- _Information provided_

════════

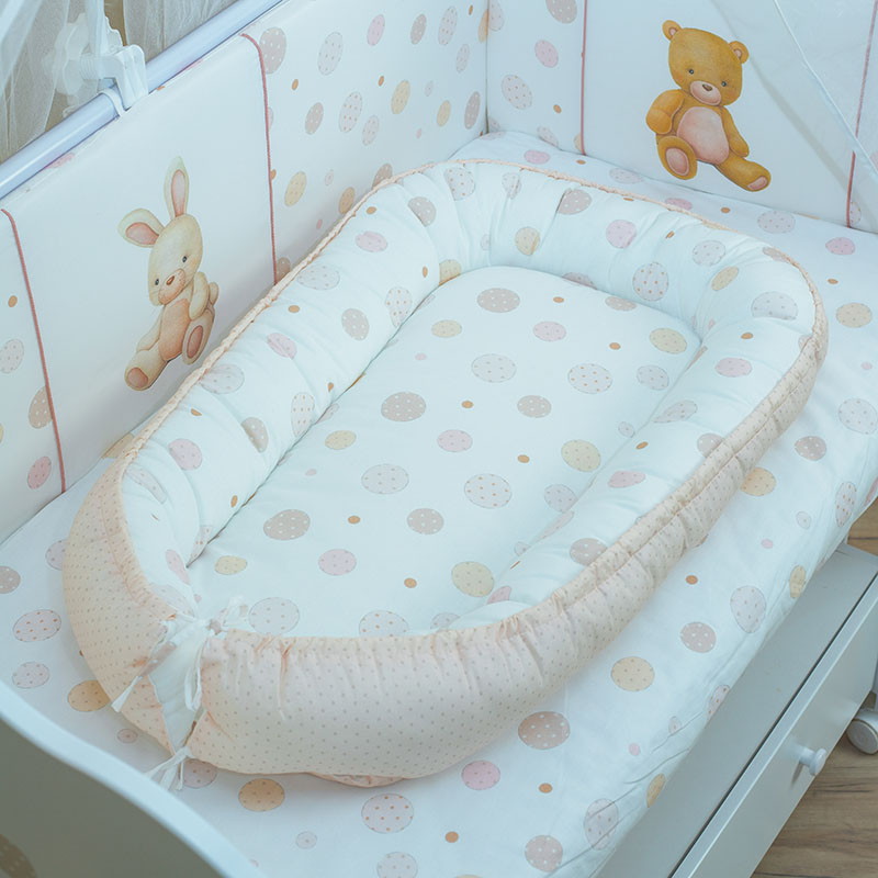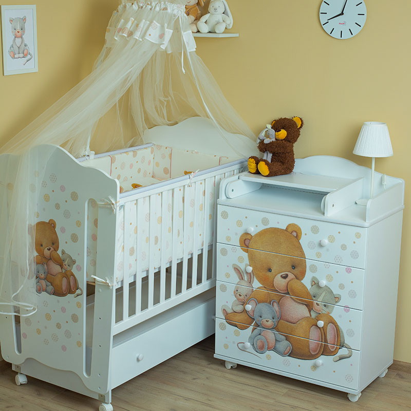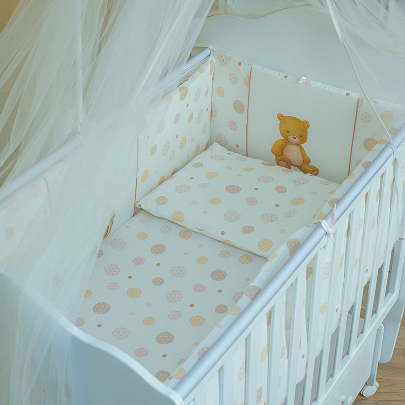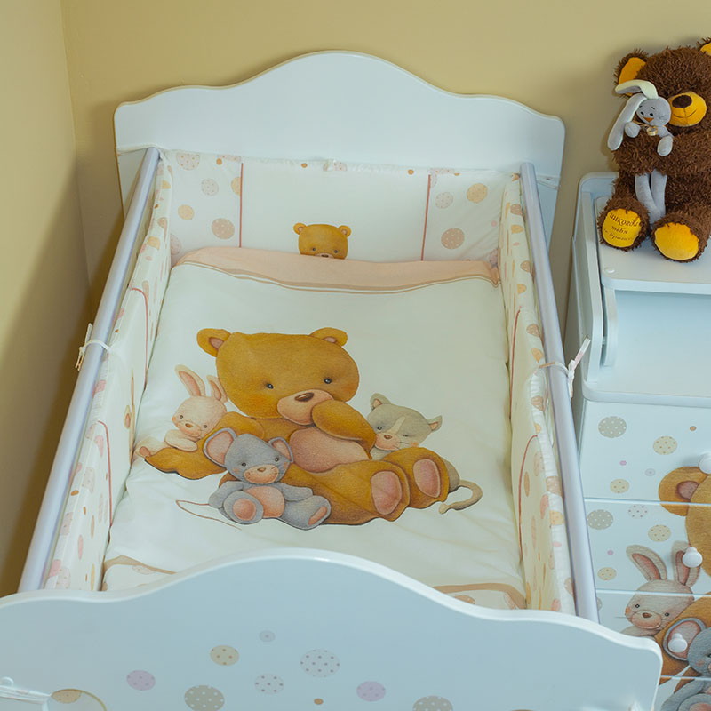 Комплект в кровать Vikalex Мишкина Компания пузырьки 6 предметов - представляет собой набор детского постельного белья, который состоит из 6-ти предметов. Данная модель выполнена в оттенках бежевого цвета, рисунком которой служит «Мишкина компания» с небольшими пузырьками. Постельный набор отлично впишется в кроватку для вашего малыша и украсит ваш интерьер, поскольку выполнен в теплых оттенках, а мягкая и приятная к телу ткань подарит вашему младенцу спокойный и здоровый сон. Наше постельное бельё создано для того, чтобы обеспечить максимальным комфортом и уютом новорождённых.
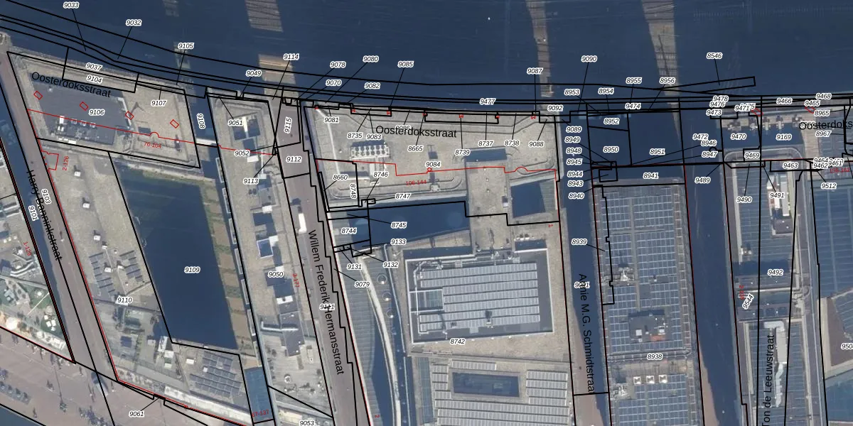 Het perceel waarop Oosterdoksstraat 130 staat heeft een oppervlakte van 2974 m². Dit is een zeer groot perceel. De perceeloppervlakte wordt geregistreerd door het Kadaster. Gedetailleerde informatie over de maten van dit perceel kunt u vinden in het rapport Kadastrale kaart met maatvoering van Oosterdoksstraat 130.
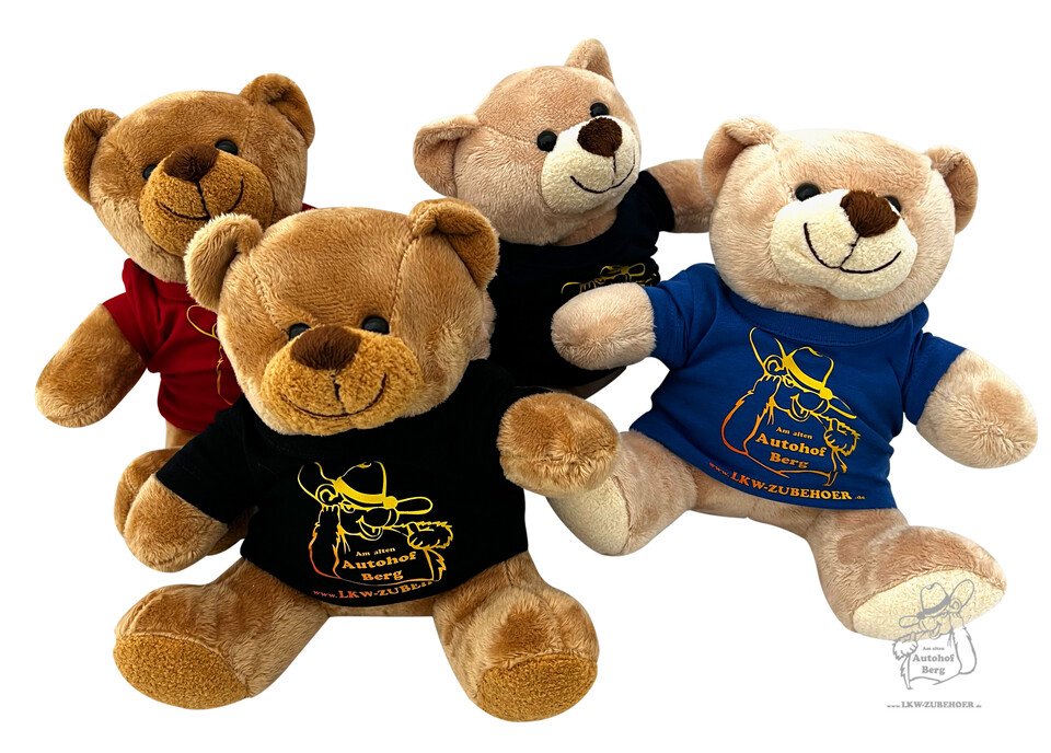 Mehrere braune Plüschbären mit roten, schwarzen und blauen T-Shirts, bedruckt mit 'Am alten Autohof Berg' und 'LKW-ZUBEHOER.de'.

════════

Here the job is to print all the data exactly, skipping any image.

 Комплект в кровать Vikalex Мишкина Компания пузырьки 6 предметов - представляет собой набор детского постельного белья, который состоит из 6-ти предметов. Данная модель выполнена в оттенках бежевого цвета, рисунком которой служит «Мишкина компания» с небольшими пузырьками. Постельный набор отлично впишется в кроватку для вашего малыша и украсит ваш интерьер, поскольку выполнен в теплых оттенках, а мягкая и приятная к телу ткань подарит вашему младенцу спокойный и здоровый сон. Наше постельное бельё создано для того, чтобы обеспечить максимальным комфортом и уютом новорождённых.
 Het perceel waarop Oosterdoksstraat 130 staat heeft een oppervlakte van 2974 m². Dit is een zeer groot perceel. De perceeloppervlakte wordt geregistreerd door het Kadaster. Gedetailleerde informatie over de maten van dit perceel kunt u vinden in het rapport Kadastrale kaart met maatvoering van Oosterdoksstraat 130.
 Mehrere braune Plüschbären mit roten, schwarzen und blauen T-Shirts, bedruckt mit 'Am alten Autohof Berg' und 'LKW-ZUBEHOER.de'.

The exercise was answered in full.